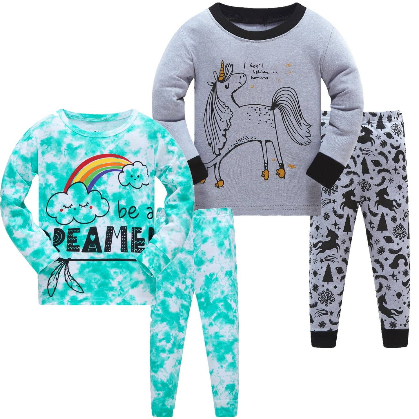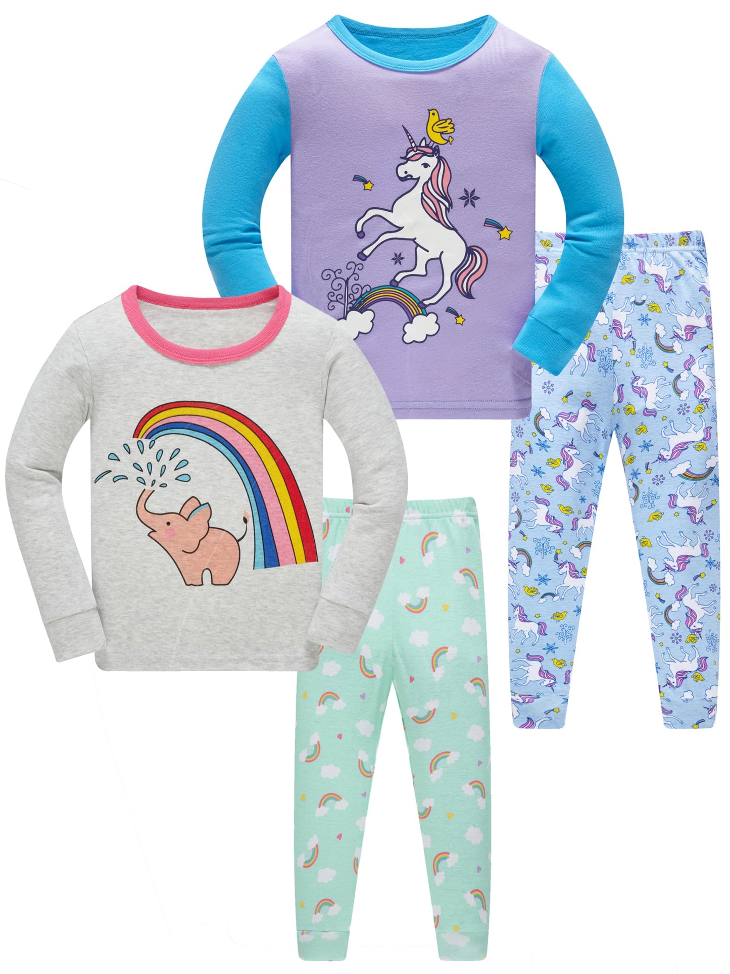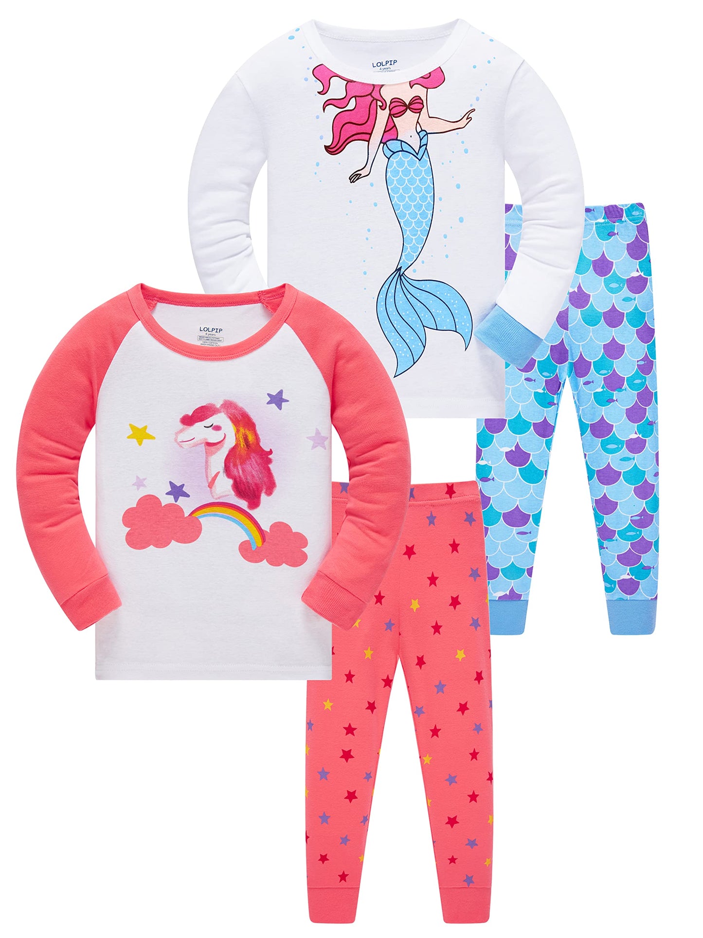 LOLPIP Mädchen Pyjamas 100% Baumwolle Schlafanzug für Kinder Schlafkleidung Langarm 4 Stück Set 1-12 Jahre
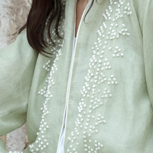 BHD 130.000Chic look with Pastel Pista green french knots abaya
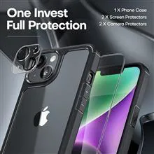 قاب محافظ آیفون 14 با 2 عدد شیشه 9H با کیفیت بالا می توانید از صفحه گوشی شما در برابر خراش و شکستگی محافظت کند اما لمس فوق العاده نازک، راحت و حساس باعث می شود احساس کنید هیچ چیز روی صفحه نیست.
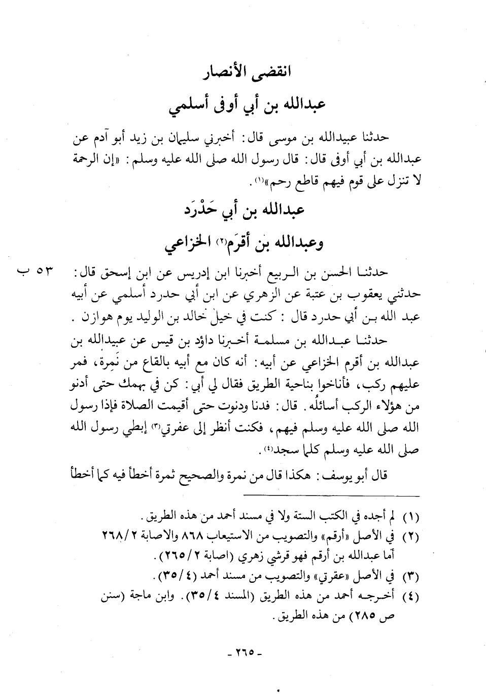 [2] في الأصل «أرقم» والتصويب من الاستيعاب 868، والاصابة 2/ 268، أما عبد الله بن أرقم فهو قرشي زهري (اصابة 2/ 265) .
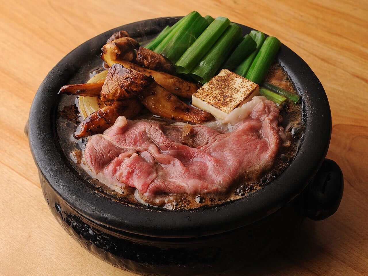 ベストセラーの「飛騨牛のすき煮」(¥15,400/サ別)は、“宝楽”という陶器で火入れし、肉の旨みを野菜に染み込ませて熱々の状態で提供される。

_About this exercise_:
Without including a single picture, restate all of the data word for word.

_Expected output_:
 LOLPIP Mädchen Pyjamas 100% Baumwolle Schlafanzug für Kinder Schlafkleidung Langarm 4 Stück Set 1-12 Jahre
 BHD 130.000Chic look with Pastel Pista green french knots abaya
 قاب محافظ آیفون 14 با 2 عدد شیشه 9H با کیفیت بالا می توانید از صفحه گوشی شما در برابر خراش و شکستگی محافظت کند اما لمس فوق العاده نازک، راحت و حساس باعث می شود احساس کنید هیچ چیز روی صفحه نیست.
 [2] في الأصل «أرقم» والتصويب من الاستيعاب 868، والاصابة 2/ 268، أما عبد الله بن أرقم فهو قرشي زهري (اصابة 2/ 265) .
 ベストセラーの「飛騨牛のすき煮」(¥15,400/サ別)は、“宝楽”という陶器で火入れし、肉の旨みを野菜に染み込ませて熱々の状態で提供される。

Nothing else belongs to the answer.